Miré a un lado y mi admirador negó con la cabeza.
—Diles que lo sabrán cuando llegue el presidente.
Lo cual, conociendo al Gobierno, no ocurriría.
Al final del pasillo, el hombre de Brooklyn aún apuntaba a Helen, así que repetí el mensaje antes de alejarme de la luz del sol.
—¿Puedo sentarme?
Esperaba que me dijeran que no por puro rencor, pero mi admirador me acompañó de vuelta a mi asiento. El de Brooklyn bajó el arma mientras nos acercábamos y Helen se desplomó, como si el rifle hubiera sido lo único que la sostenía.
Por mucho que quisiera dejarme caer en el asiento, me senté con sumo cuidado. Mi admirador me ayudó, como si fuera una anciana en vez de una rehén. Me aclaré la garganta; habría dado cualquier cosa por un poco de agua.
—Quizá deberíamos hablar de lo que queréis que diga cuando llegue el presidente. Habíais mencionado los problemas en la Tierra, ¿verdad?
Mi admirador intercambió una mirada con el de Brooklyn y luego miró detrás de mí, supongo que para consultar a los otros captores. Al otro lado del pasillo, Leonard se inclinó un poco en nuestra dirección para escuchar. En algún momento, cuando yo estaba en la parte delantera, se había librado de las correas de los hombros.

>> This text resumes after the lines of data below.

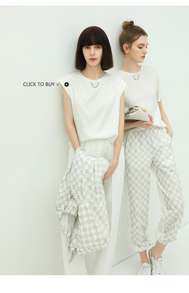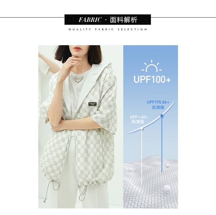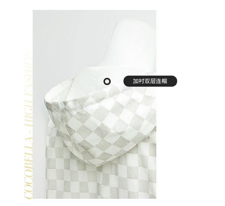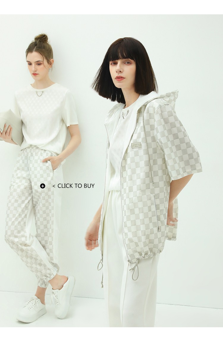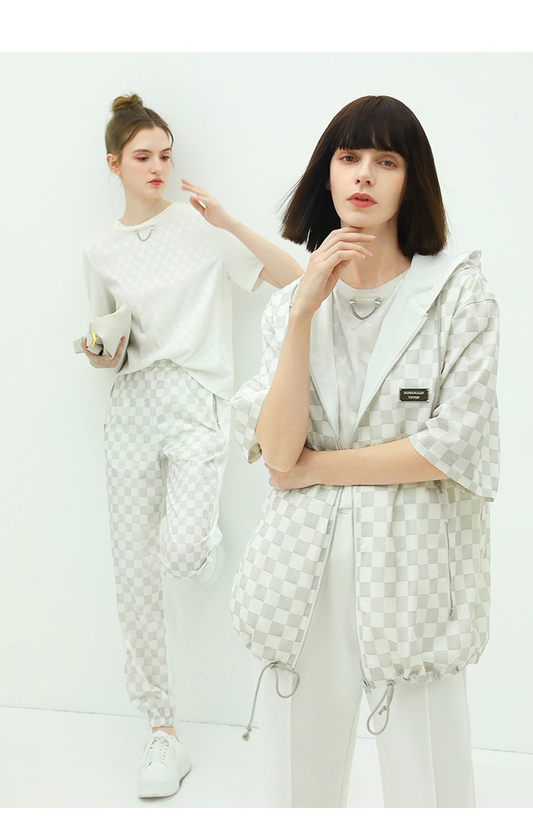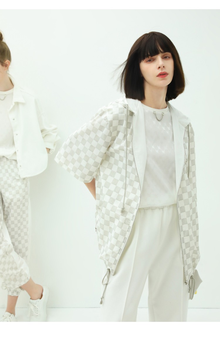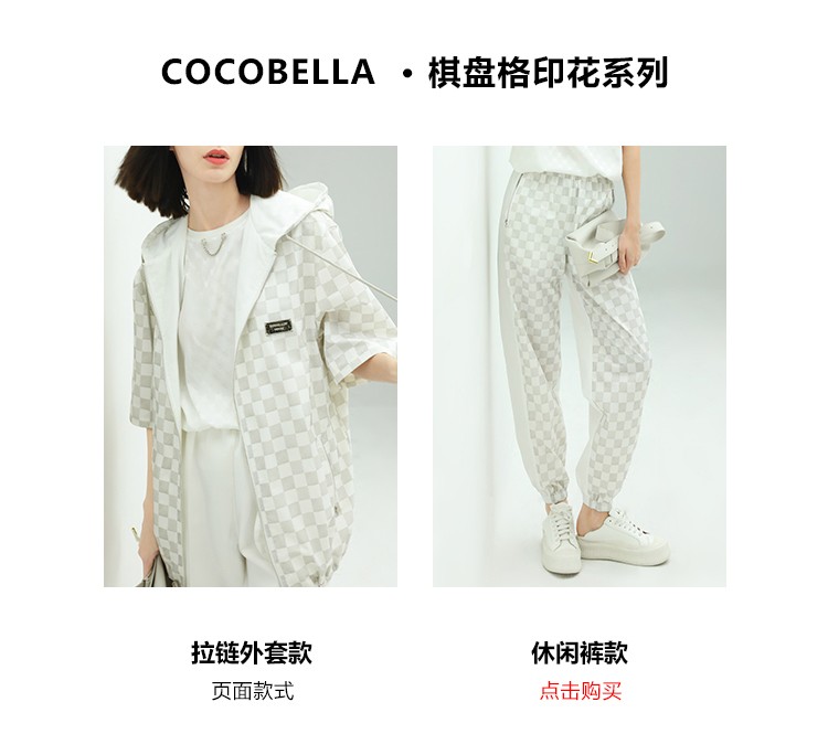 【限时秒杀】COCOBELLA棋盘格印花短袖外套女中长款宽松休闲连帽上衣SC53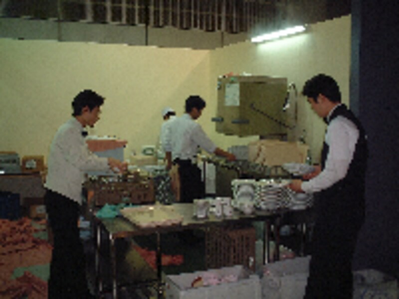 | オープンキッチンとサービス | お疲れさま! と食器洗いゾーン |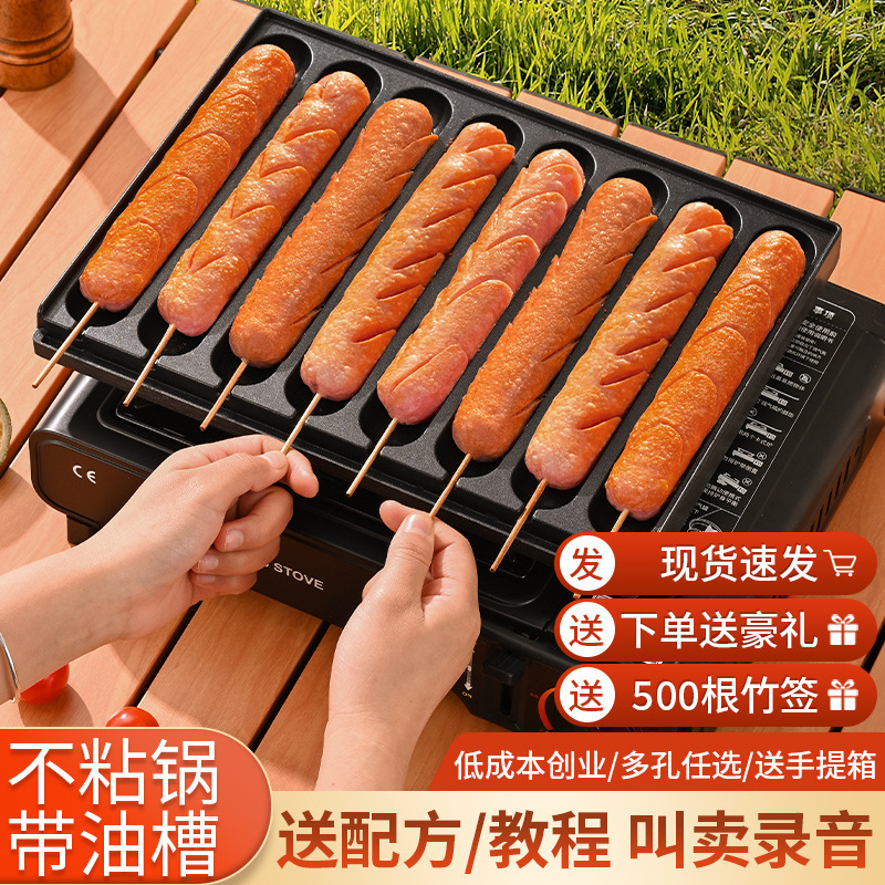 ソーセージ焼き機の道端の屋台の商用の脆い皮のデンプンの腸焼き機の夜市の屋台のカード式のオーブンの腸の皿の小さい鉄板の鋳型

Mi admirador me estudió con los ojos entrecerrados. No sé qué vio, pero al final asintió.
—Se están olvidando de la gente de la Tierra. Todo el dinero se destina al programa espacial en lugar de arreglar el desastre que dejó el meteoro. Las personas viven hacinadas en pisos diminutos. Hay refugiados que, después de diez años, todavía no han podido volver a sus casas porque las compañías de seguros se lavan las manos al afirmar que ha sido «una acción de Dios» y los gobiernos se ocupan de «asignar los recursos» según sea necesario. —Frunció el ceño—. Como si no estuviera claro adónde van esos recursos. Como si no fuera evidente cuáles son los barrios a los que se les da la espalda.
Pasaba tanto tiempo dentro de la industria espacial y trabajando codo con codo con personas que entendían a la perfección la situación climática de la Tierra que a menudo olvidaba que mucha gente tenía necesidades más inmediatas.
—Si la temperatura sigue subiendo como los meteorólogos esperan que haga, todos estaremos en peligro, a menos que nos hayamos establecido en otros planetas. El programa espacial es para la gente de la Tierra.
—Por favor. Esto ya lo hemos visto antes. El espacio será para las élites, mientras que los demás nos quedaremos atrás.
Negué con la cabeza.
—No. No será así.
—Mira a tu alrededor.
Lo hice y giré la cabeza con mucho cuidado para no agravar las náuseas. Los captores se habían dispersado. Dos de ellos se encontraban en la parte de atrás de la cabina, tres estaban en la puerta y mi admirador se había quedado a mi lado. Los pasajeros tenían un color gris verdoso, aunque no sabría decir si se debía a la gravedad o a la situación. A ambas, probablemente. Helen tenía las manos dobladas sobre el regazo y la misma expresión seria que cuando jugaba al ajedrez o hacía cálculos. Leonard escondía las manos en las axilas y se mordía el labio inferior mientras nos miraba. A Ruby Donaldson le temblaba la rodilla derecha y Vanderbilt DeBeer se mordía la cutícula del pulgar.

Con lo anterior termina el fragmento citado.